*TASK GOAL:*
Please make an exact copy of the listing, without the pictures.
(INFORMATION SHOWN)
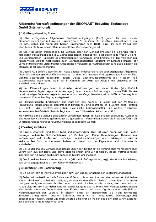 Allgemeine Verkaufsbedingungen International Deutsch
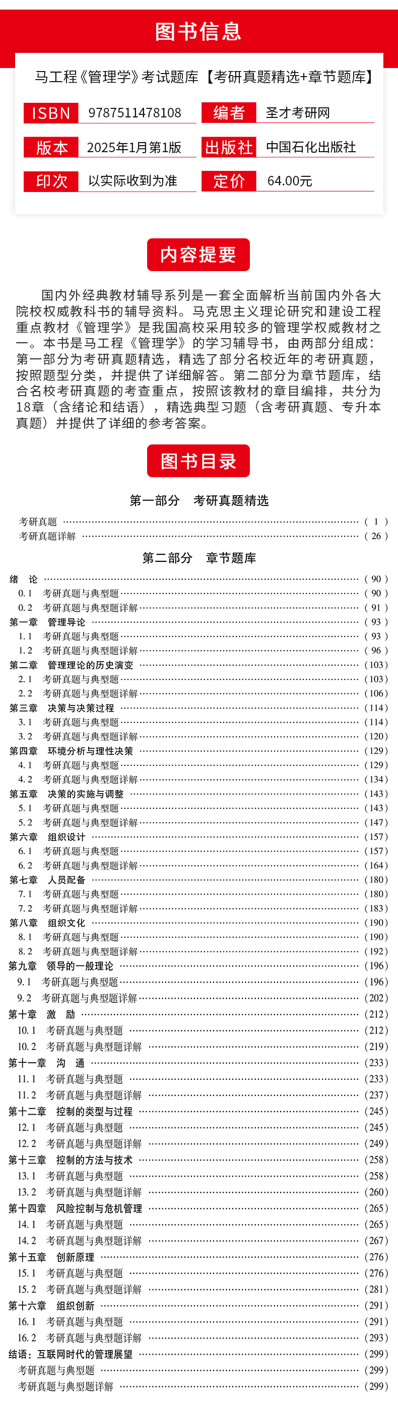 国内外*教材辅导系列是一套*解析当前国内外各大院校*教科书的辅导资料。马克思主义理论研究和建设工程重点教材《管理学》是我国高校采用较多的管理学*教材之一。本书是马工程《管理学》的学习辅导书,由两部分组成:*部分为考研真题精选,精选了部分名校近年的考研真题,按照题型分类,并提供了详解。*部分为章节题库。结合名校考研真题的考查重点,按照该教材的章目编排,共分为18章(含绪论和结语),精选典型习题(含考研真题、专升本真题)并提供了详细的参考答案。
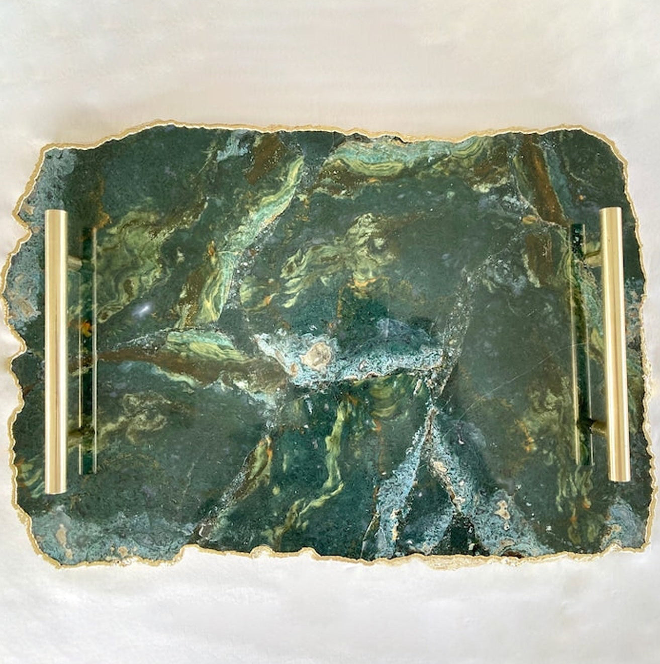 Ekskluzywna Taca do Serwowania z Naturalnego Agatu z Mosiężnymi Uchwytami
(End INFORMATION SHOWN)
*RESPONSE TO THE EXERCISE:*
 Allgemeine Verkaufsbedingungen International Deutsch
 国内外*教材辅导系列是一套*解析当前国内外各大院校*教科书的辅导资料。马克思主义理论研究和建设工程重点教材《管理学》是我国高校采用较多的管理学*教材之一。本书是马工程《管理学》的学习辅导书,由两部分组成:*部分为考研真题精选,精选了部分名校近年的考研真题,按照题型分类,并提供了详解。*部分为章节题库。结合名校考研真题的考查重点,按照该教材的章目编排,共分为18章(含绪论和结语),精选典型习题(含考研真题、专升本真题)并提供了详细的参考答案。
 Ekskluzywna Taca do Serwowania z Naturalnego Agatu z Mosiężnymi Uchwytami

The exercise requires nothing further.